Dams are considered "installations containing dangerous forces" under International humanitarian law due to the massive impact of a possible destruction on the civilian population and the environment. Dam failures are comparatively rare, but can cause immense damage and loss of life when they occur. In 1975 the failure of the Banqiao Reservoir Dam and other dams in Henan Province, China caused more casualties than any other dam failure in history.
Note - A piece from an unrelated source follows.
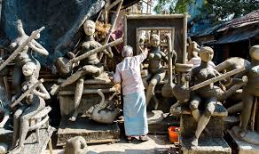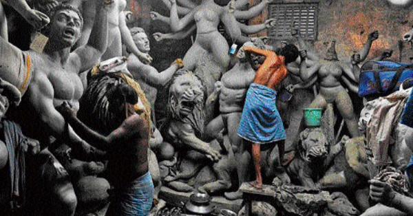 মাটি মাখার কাজ যাঁরা করতেন, তাঁরা আবার আরেকটা কর্মে নিজেদের দক্ষ করে তুললেন। আশ্চর্য সেই কাজের নাম। ‘মরা ধরা’। না মরা মানুষ ধরা তার কাজ নয় তার কাজ হল ভেজা মাটি মরে গিয়ে কোন মাপে মূর্তিকে নিয়ে আসে, তা নিখুঁত ভাবে হিসেব করা। সে জানে, যদি কোনও বাড়িতে দুর্গা কুড়ি হাত বানাতে হয় তাহলে একুশ বা বাইশ হাত পর্যন্ত মাটি গড়তে হবে। তারপর শুকিয়ে গিয়ে সেটা কুড়ি হাতে আসবে। এই শুকিয়ে যাওয়ার অঙ্কটাই কুমোরপাড়ায় ‘মরা ধরা’ নামে পরিচিত। এভাবেই চলতে থাকে বাঙালির যাপন। সেই যাপনের সূত্র ধরেই সে দুর্গার নানা কথা বলে সকলের কাছে। এই যেমন চালচিত্রের শিল্পী যখন শিবের ছবি আঁকেন, তখন তিনি দেখান যে, একাকী গৃহে শিব বসে তানপুরা বাজাচ্ছেন। এই যে তাঁর ঘরণী বাপের বাড়ি চলে গিয়েছেন, তখন শিবের একাকিত্ব ধরে রাখলেন বাংলার চালচিত্র শিল্পী।

The disaster killed an estimated 171,000 people and 11 million people lost their homes.

Main causes of dam failures

Common causes of dam failure include:
 Sub-standard construction materials/techniques (Gleno Dam)
 Spillway design error (near failure of Glen Canyon Dam, Walnut Grove Dam)
Lowering of dam crest height, which reduces spillway flow (South Fork Dam)
 Geological instability caused by changes to water levels during filling or poor surveying (Malpasset Dam).
 Sliding of a mountain into the reservoir (Vajont Dam – not exactly a dam failure, but caused nearly the entire volume of the reservoir to be displaced and overtop the dam)
 Poor maintenance, especially of outlet pipes (Lawn Lake Dam, Val di Stava dam collapse)
 Extreme inflow (Shakidor Dam)
 Human, computer or design error (Buffalo Creek Flood, Dale Dike Reservoir, Taum Sauk pumped storage plant)
 Internal erosion or piping, especially in earthen dams (Teton Dam)
 Earthquakes
 Climate-driven landscape instability (Rock-ice avalanches, Permafrost landslides, Debris flows, Outburst floods from glacial lakes and landslide-dammed lakes)

Deliberate breaching 
A notable case of deliberate dam breaching was the British Royal Air Force Dambusters raid on Germany in World War II (codenamed "Operation Chastise"), in which six German dams were selected to be breached in order to impact German infrastructure and manufacturing and power capabilities deriving from the Ruhr and Eder rivers. This raid later became the basis for several films.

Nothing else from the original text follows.